Generate a systemd service file for a container:
# Generate the service file
podman generate systemd --name webapp --files --new
# Enable it as a user service
systemctl --user enable container-webapp.service
systemctl --user start container-webapp.service
# Check status
systemctl --user status container-webapp.service
With Docker, running containers as systemd services requires writing custom unit files that call docker run. Podman does this automatically.
Docker Compose vs Podman Compose
Docker Compose is now built into the Docker CLI as docker compose (v2). It is mature, well-tested, and supported by virtually all CI/CD tools.
Podman Compose is a separate Python package that replicates Docker Compose functionality. Most standard docker-compose.yml files work without changes.
# Install podman-compose
pip3 install podman-compose
# Use it exactly like docker-compose
podman-compose up -d
podman-compose down
podman-compose logs
Where podman-compose has gaps:
- Docker Swarm mode — Podman does not support this. If you use Docker Swarm, migrating to Podman requires switching to Kubernetes first.
- Custom Docker plugins — not all Docker-specific extensions work
- Some advanced networking configurations need adjustment
For standard web application stacks (nginx, postgres, redis, app server), podman-compose works without changes.
CI/CD Pipelines
Docker works out of the box with GitHub Actions, GitLab CI, Jenkins, and CircleCI. Runners come pre-configured with Docker.

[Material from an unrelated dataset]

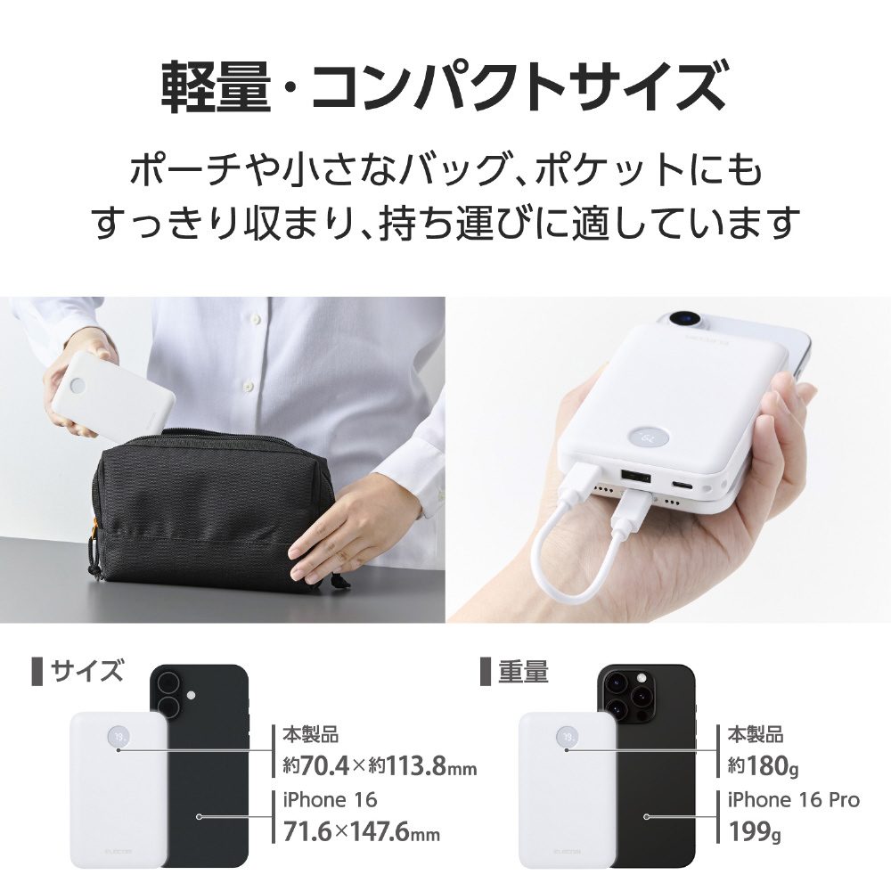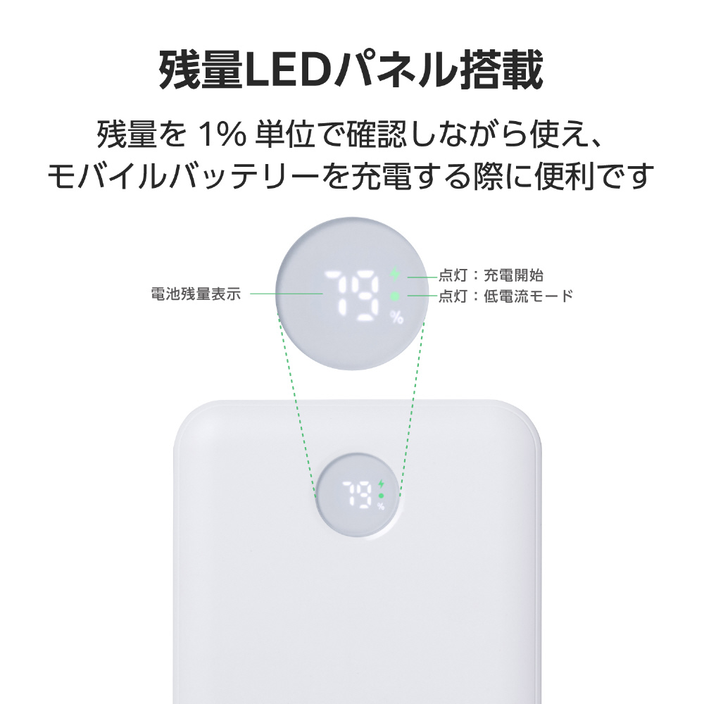 厚さ約16mmの手のひらサイズで、持ち運びに便利なモバイルバッテリーです。大容量10000mAhで、外出先でも安心して充電できます。ポーチやポケットにもすっきり収まり、手軽に持ち運び可能です。LEDパネルでバッテリー残量を1%単位で確認しながら使用できます。

Podman in CI requires more setup but enables a security improvement that matters: you can build images in rootless mode without a privileged Docker daemon.

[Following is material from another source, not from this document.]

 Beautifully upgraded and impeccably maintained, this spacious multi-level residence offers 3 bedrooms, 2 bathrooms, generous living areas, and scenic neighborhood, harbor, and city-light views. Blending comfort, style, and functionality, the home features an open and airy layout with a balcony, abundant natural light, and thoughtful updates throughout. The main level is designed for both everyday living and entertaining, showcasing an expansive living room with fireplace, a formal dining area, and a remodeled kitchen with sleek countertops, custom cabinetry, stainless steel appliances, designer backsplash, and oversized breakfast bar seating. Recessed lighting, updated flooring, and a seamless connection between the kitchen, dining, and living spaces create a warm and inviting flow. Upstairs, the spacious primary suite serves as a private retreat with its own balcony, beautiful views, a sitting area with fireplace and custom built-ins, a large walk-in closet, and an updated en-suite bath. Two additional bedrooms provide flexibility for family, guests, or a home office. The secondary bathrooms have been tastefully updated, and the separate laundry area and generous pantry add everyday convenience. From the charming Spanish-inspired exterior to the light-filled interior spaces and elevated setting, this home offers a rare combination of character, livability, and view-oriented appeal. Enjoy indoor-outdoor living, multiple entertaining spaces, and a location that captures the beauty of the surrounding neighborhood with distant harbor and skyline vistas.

The traditional “Docker-in-Docker” approach in CI requires running the Docker daemon inside the CI container with privileged mode enabled. This is a known security risk — privileged containers have near-full access to the host.
With Podman, you build images rootless inside CI containers without privileged mode.

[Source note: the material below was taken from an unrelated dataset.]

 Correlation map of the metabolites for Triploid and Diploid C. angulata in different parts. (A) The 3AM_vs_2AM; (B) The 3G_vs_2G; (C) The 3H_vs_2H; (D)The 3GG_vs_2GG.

GitHub Actions with Podman:
name: Build with Podman
on: [push]
jobs:
build:
runs-on: ubuntu-latest
steps:
- uses: actions/checkout@v4
- name: Install Podman
run: sudo apt-get install -y podman
- name: Build image
run: podman build -t myapp:${{ github.sha }} .
- name: Push to registry
run: |
podman login ghcr.io -u ${{ github.actor }} -p ${{ secrets.GITHUB_TOKEN }}
podman push myapp:${{ github.sha }} ghcr.io/${{ github.repository }}/myapp:${{ github.sha }}
Real-world example from the industry:
A SaaS company running GitLab CI switched from Docker-in-Docker (which required privileged CI containers) to Podman running rootless. This removed the need for privileged mode entirely, passed security audits that had been blocking them, and reduced pipeline build times by around 30%.
Image Compatibility
Both tools use the OCI image format. An image built with Docker runs on Podman and vice versa without conversion.
# Build with Docker, run with Podman
docker build -t myapp:latest .
podman run myapp:latest
# Build with Podman, push to Docker Hub
podman build -t myapp:latest .
podman push docker.io/yourusername/myapp:latest
Registry authentication — one difference to watch:
Podman stores registry credentials in $HOME/.config/containers/auth.json instead of Docker’s $HOME/.docker/config.json. When migrating CI pipelines, update credential paths accordingly.
Licensing — The Cost Difference
Docker Desktop:
Free for personal use, education, and companies with fewer than 250 employees and less than $10 million in annual revenue.
For larger organisations, pricing (as of 2026) is:
- Docker Pro: ~$5/month per user
- Docker Team: ~$9/month per user
- Docker Business: ~$24/month per user
A team of 100 developers on Docker Business pays ~$28,800 per year just for the desktop client.
Podman Desktop:
Completely free. Open source. Apache License 2.0. No restrictions for commercial use.
Note: Docker Engine on Linux (not Docker Desktop) remains free for everyone. If your developers work on Linux, this licensing issue does not apply.
Adoption in 2026 — The Numbers
According to the Stack Overflow Developer Survey 2025:
- Docker: 67% developer adoption
- Podman: 19% developer adoption
According to the CNCF Annual Survey 2025:
- 90%+ of organisations use containers in production
- 95% of Kubernetes clusters use containerd as the runtime (not Docker)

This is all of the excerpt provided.